Magarik v Kraus
Earlier this year, a New York trial court presiding over a buyout dispute featuring an online wholesaler of faucets, sinks, and fixtures rebuffed the departing shareholder’s valuation. His expert’s discounted cash flow analysis collapsed on account of unreasonable projections that the company had used to secure a loan from a bank.
Dubious loan application
The company, founded in 2007, was an importer and distributor of sinks, faucets, plumbing fixtures, and accessories. It conducted online sales through retailers and, at the relevant time, was working on branding and getting major retailers such as Home Depot to feature its products. The company showed considerable early growth in sales (from $21 million in 2012 to $36 million in 2015) but also negative cash flow.
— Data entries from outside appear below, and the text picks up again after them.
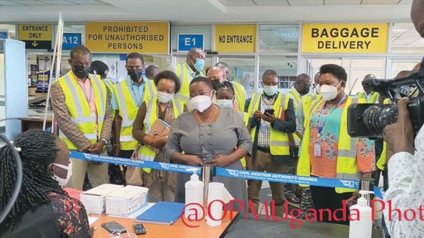 Prime Minister Ribinna Nabbanja while visiting COVID-19 testing facilities at Entebbe International Airport
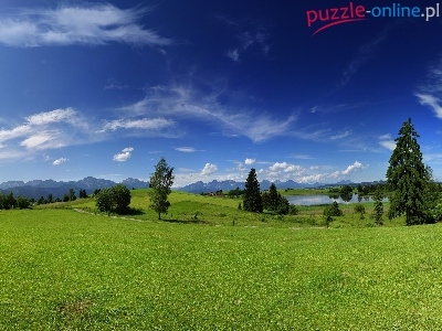 Puzzle Rzeka, Łąki, Góry, Chmury
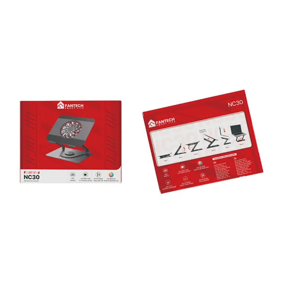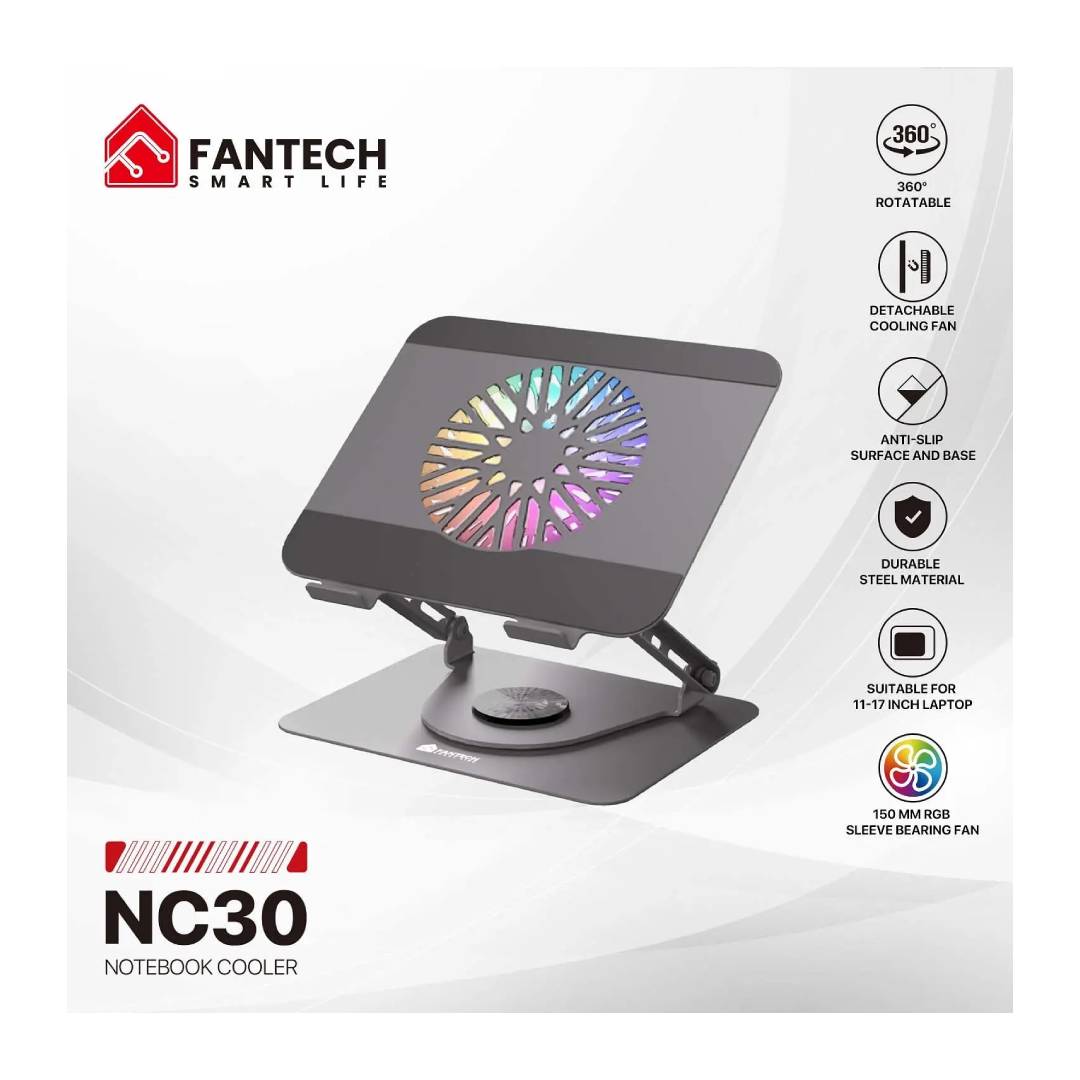 La FANTECH NC30 es la base que tu notebook necesitaba. Con ajuste total en 360 grados, altura regulable, superficie antideslizante y un ventilador RGB de 150 mm, está diseñada para mejorar tu postura, tu experiencia y la temperatura de tu equipo.
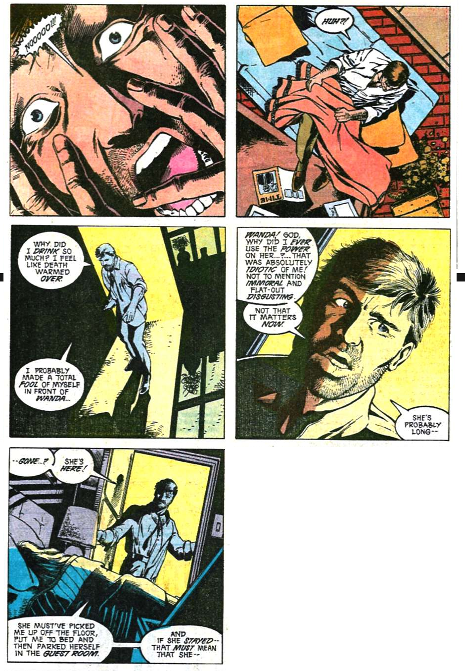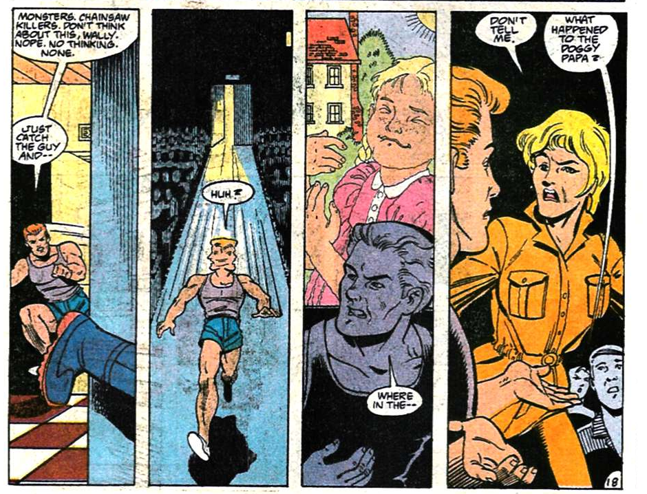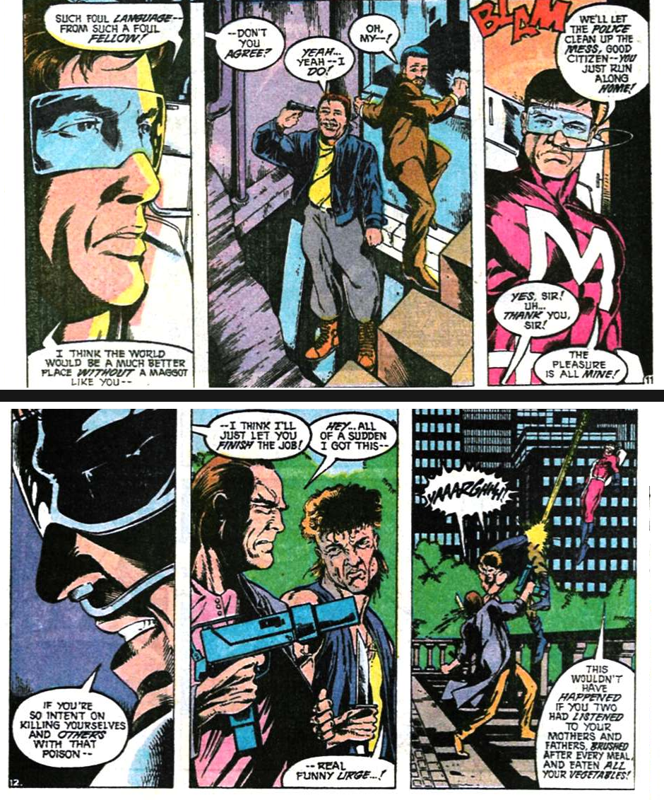 When Max rises again, he does so as Maximum Force, a SUPER-HERO 🦸 who uses his power “to war on evil wherever it rears its head.” He leaves Wanda to go on a short patrol and--in the clearest sign yet that this is a dream sequence--she promises to wait up for him. Maximum Force’s dialogue is Adam West, but his attitude is pure Punisher.
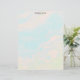 Blue and very pale green serve as a background for off-white clouds resembling foam on seawater on this beautiful, marbled letterhead stationery.
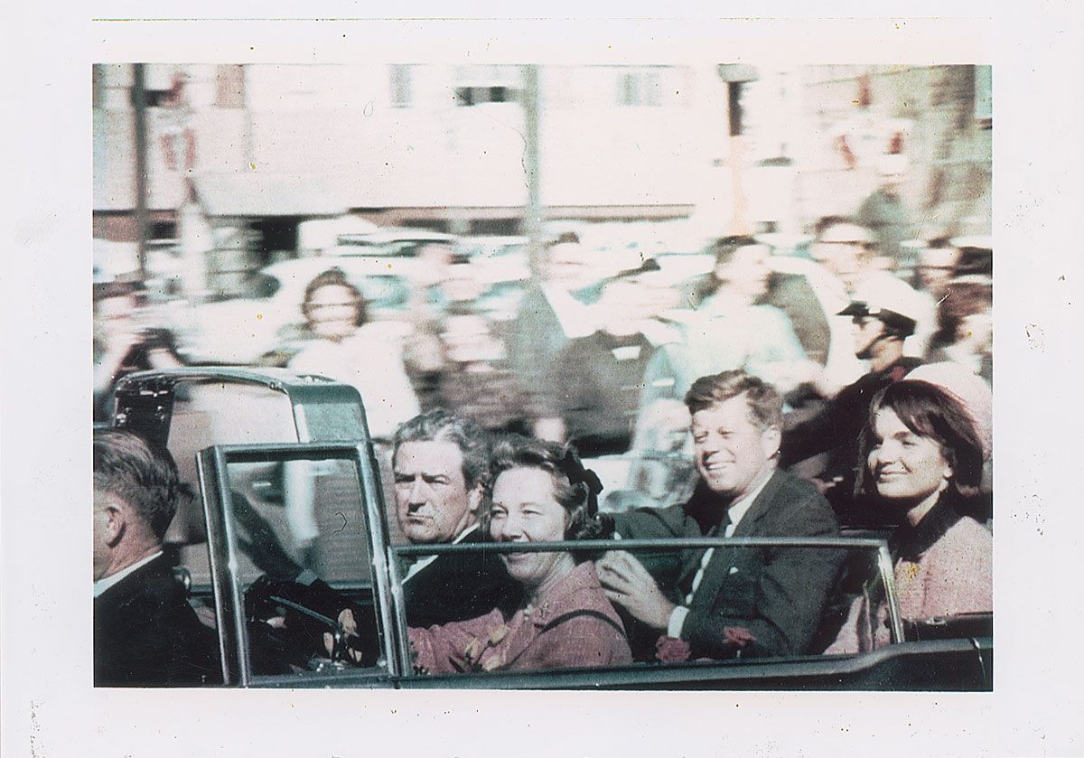 Color glossy 12 x 8 second-generation close-up photo of the Kennedys and the Connallys in their limousine in Dallas on November 22, 1963. Creasing and adhesive remnants to borders and reverse edges, otherwise fine condition.
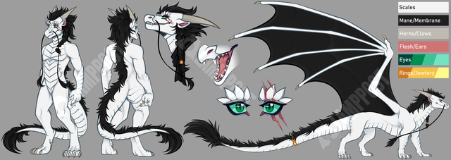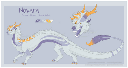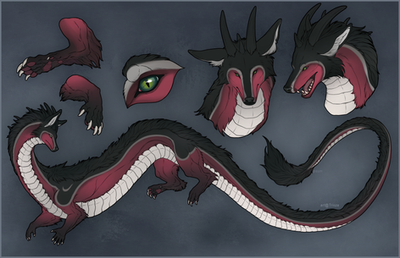Let's get the ball rolling with the most recent reference of my flagship sona, Kit. I originally designed her way back in the early 2000s and while details have changed since then, she's still a silver-grey dragon with a blue mane and silver horns. She's been around a long time.Her stripes are vaguely based on striped kukri snakes, I love their vertical stripes and the little stripe of color along their spines. She has silver teeth to match her silver horns. Maybe her bones are silvery as well?
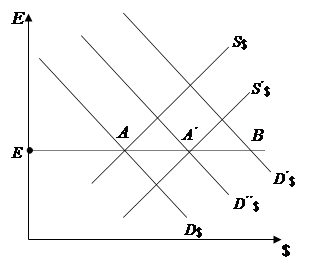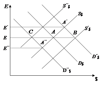 Аналогичным образом падение спроса на иностранную валюту приводит к перемещению кривой спроса на уровень D´$
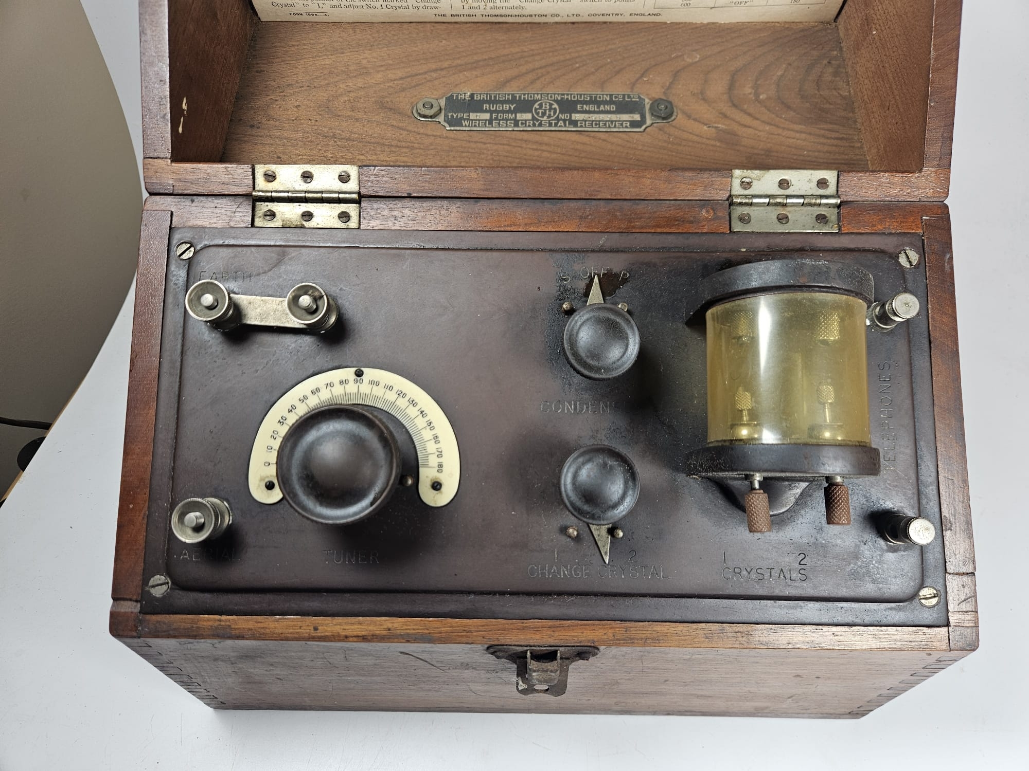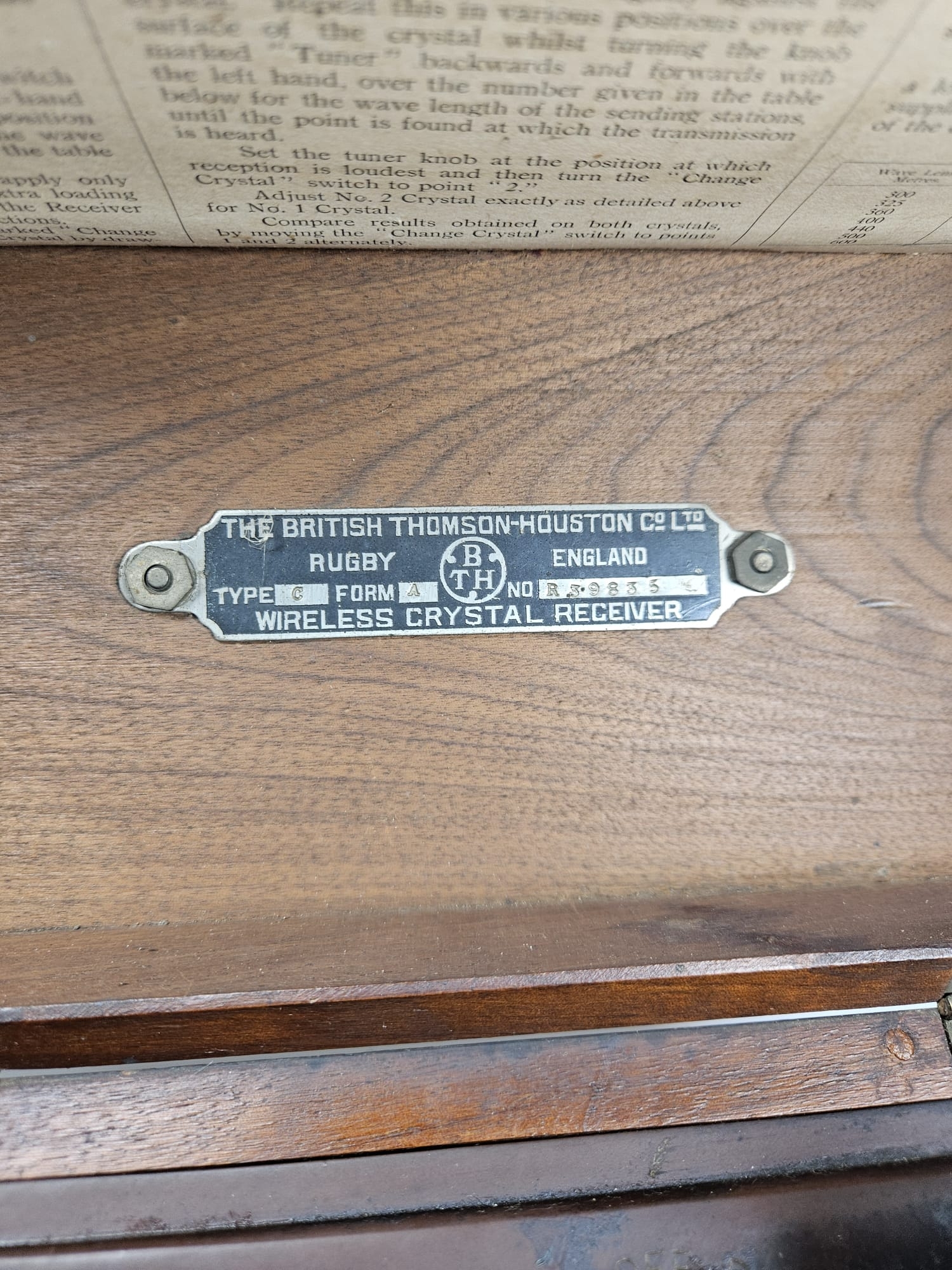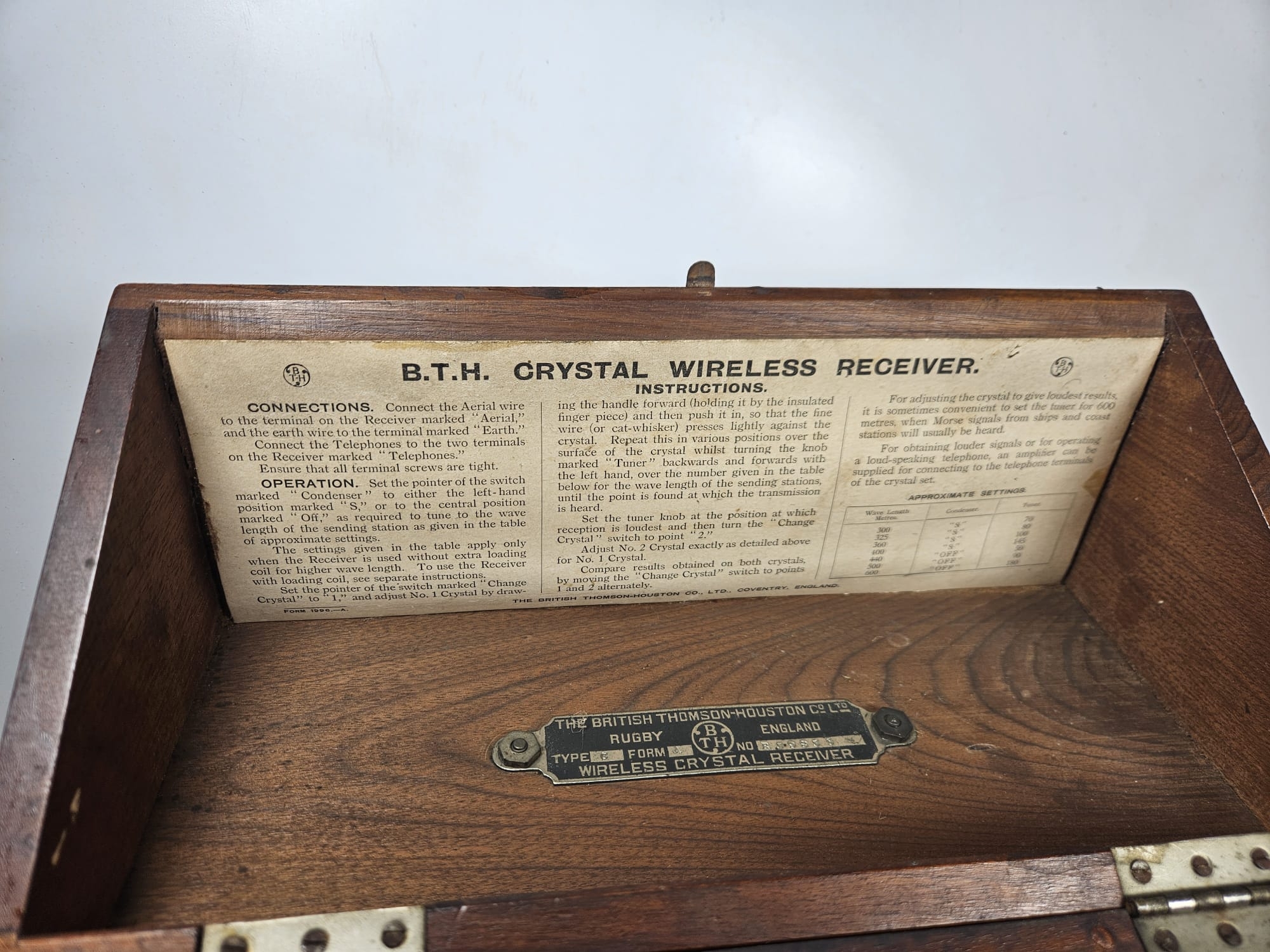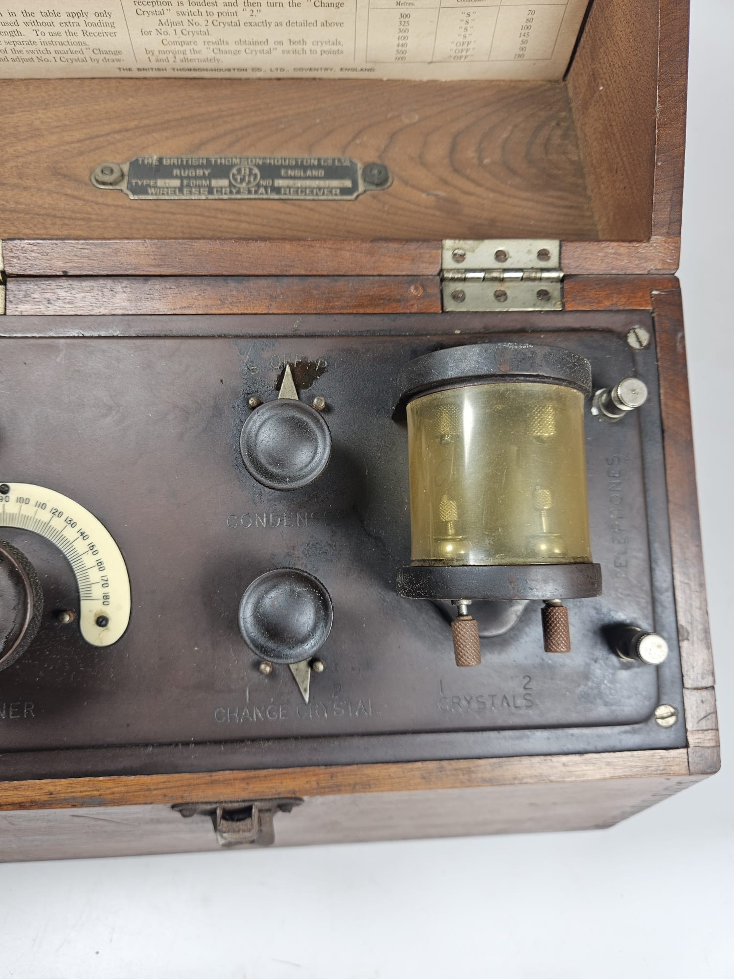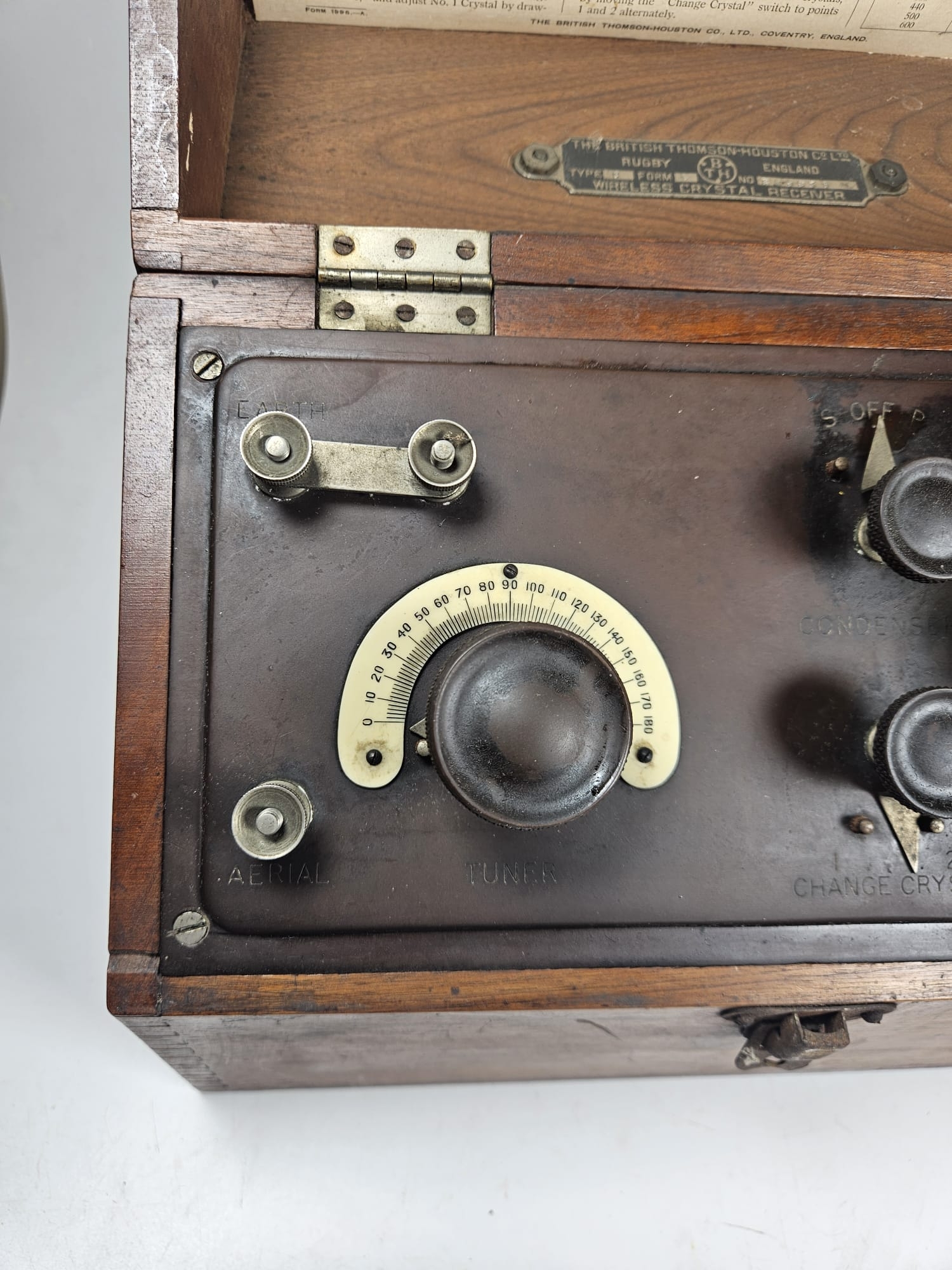The British Thomson Houston co ltd (B.T.H), Crystal Wireless Receiver. In wooden case, measuring 29x13x21cm. Type C Form A. No.R39835.

The petitioner owned 24% of the company’s shares. The other two owners (individual respondents) held a 25% and a 51% interest. After business relations broke down, the petitioner initially asked for dissolution of the company and damages. Under New York’s BCL 1118(a), the remaining owners elected to buy out the petitioner. The issue at trial was the fair value of the petitioner’s interest as of Sept. 20, 2015, the day before the petition was filed.
Both parties offered testimony from valuation experts who used both an income and a market approach but reached very different value conclusions. Under the income approach, the petitioner’s expert valued the company at $21.9 million; under the market approach, he arrived at a value of almost $38.8 million. Averaging the two values, he said the company was worth $30 million; the value of the petitioner’s interest (undiscounted) was $7.2 million. In contrast, the respondents’ expert, using a single-period capitalization method and cash flow, valued the company in the range of $5.9 million to over $6.1 million; under the market approach, using Pratt’s Stats (now DealStats), he generated a value range of between $5.3 million and $6.1 million. Giving greater weight to the income approach, he valued the company at $6.05 million.
Projections were a major flash point in the valuation proceedings. The petitioner’s expert used a DCF model based on projected earnings the company had used a few months prior to the valuation date to qualify for a bank loan up to $7 million that could be extended to $10 million. The petitioner noted one of the respondents, a CFA who served as the company’s controller, prepared the projections. The projections and other representations from all owners to the bank put the value of the company at about $30 million. It’s a federal crime to provide false statements to a bank. The petitioner argued the bank relied on this information to grant the loan; he suggested that, therefore, this $30 million valuation must be credible.
The respondents’ expert noted that the company had never met a single projection, not in 2014 or 2015. Based on his examination of financial evidence, the projections were not reliable, making the opposing expert’s DCF model unreliable.
The court agreed
The success of the company, as shown by the rapid growth in sales, “was not as great as petitioner contended … nor was it accurately predictive of future success or of the true value of [the company],” the court said. It added that the projections “were, put mildly, ambitious, and, in fact, were overstated. In reality, the value of the business was never $30 million.”
The court declined to comment further on the statements made to the bank or their significance in obtaining the loan. But the court noted, “[T]he representations were not accurate.” It said the respondents’ expert used a sound methodology and provided “a realistic assessment” of the company’s fair value that was consistent with evidence as to the company’s “successful business model as well as its debt and cash flow issues.”
Adopting the $6.05 million valuation and applying a 5% DLOM, the court concluded the petitioner’s interest was worth about $1.4 million.